→ **Supplied material**
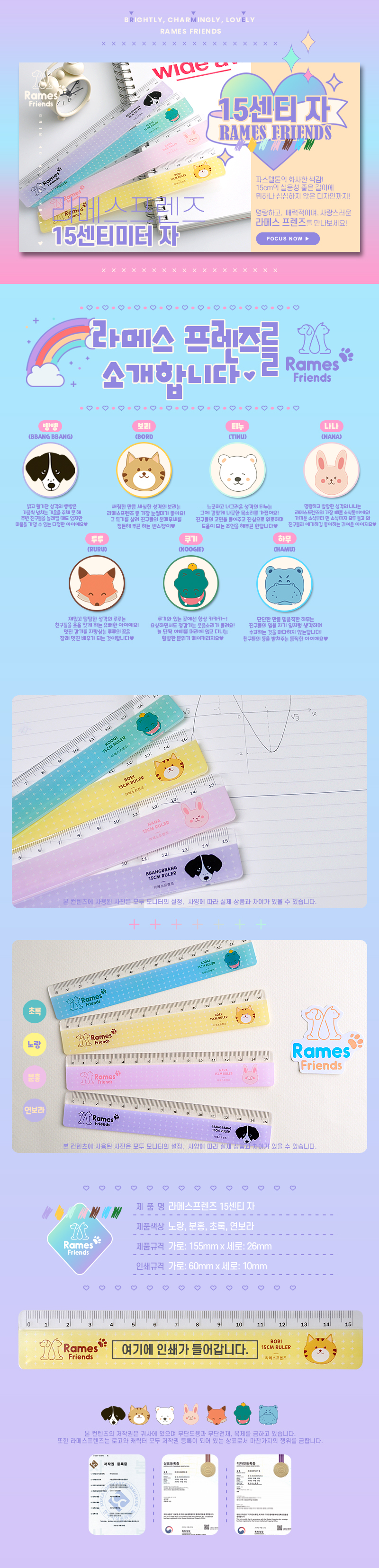 - 귀여운 라메스 프렌즈 캐릭터가 돋보이는디자인-4가지 귀여운 색감의 문구용 15센치 자- 작고 간편해 필통안에 쏙 들어가는 사이즈- 바디에 원하는 문구를 인쇄할 수 있어요
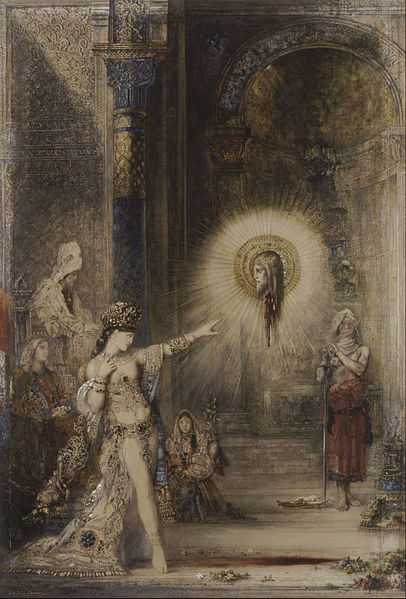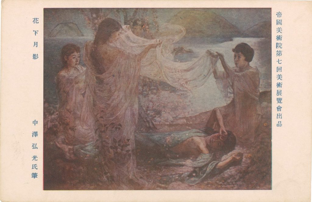 另一種象徵主義路線也被陳澄波所蒐藏:中澤弘光的《花下月影》 (1926第七回帝展,圖9),畫面敘事非夢境,而似在進行某種神秘儀式;就其濃烈神秘氛圍部份,會讓人想到法國象徵主義大師Gustave Moreau的莎樂美主題的畫作(圖10)。
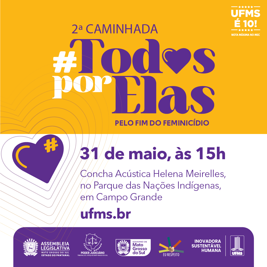 No dia 31 de maio, a partir das 15h, no Parque das Nações Indígenas, será realizada a 2ª Caminhada #TodosPorElas pelo fim do feminicídio. A UFMS apoia a campanha promovida pelo Tribunal de Justiça de Mato Grosso do Sul, por meio da Coordenadoria Estadual da Mulher em Situação de Violência Doméstica e Familiar, em parceria com o Governo do Estado e a Assembleia Legislativa. As primeiras 400 inscrições receberão brindes. Para participar, basta preencher o formulário disponível neste link.

→ **Brief**
Leave out the pictures and repeat the remaining data exactly.

→ **Solution for this exercise**
 - 귀여운 라메스 프렌즈 캐릭터가 돋보이는디자인-4가지 귀여운 색감의 문구용 15센치 자- 작고 간편해 필통안에 쏙 들어가는 사이즈- 바디에 원하는 문구를 인쇄할 수 있어요
 另一種象徵主義路線也被陳澄波所蒐藏:中澤弘光的《花下月影》 (1926第七回帝展,圖9),畫面敘事非夢境,而似在進行某種神秘儀式;就其濃烈神秘氛圍部份,會讓人想到法國象徵主義大師Gustave Moreau的莎樂美主題的畫作(圖10)。
 No dia 31 de maio, a partir das 15h, no Parque das Nações Indígenas, será realizada a 2ª Caminhada #TodosPorElas pelo fim do feminicídio. A UFMS apoia a campanha promovida pelo Tribunal de Justiça de Mato Grosso do Sul, por meio da Coordenadoria Estadual da Mulher em Situação de Violência Doméstica e Familiar, em parceria com o Governo do Estado e a Assembleia Legislativa. As primeiras 400 inscrições receberão brindes. Para participar, basta preencher o formulário disponível neste link.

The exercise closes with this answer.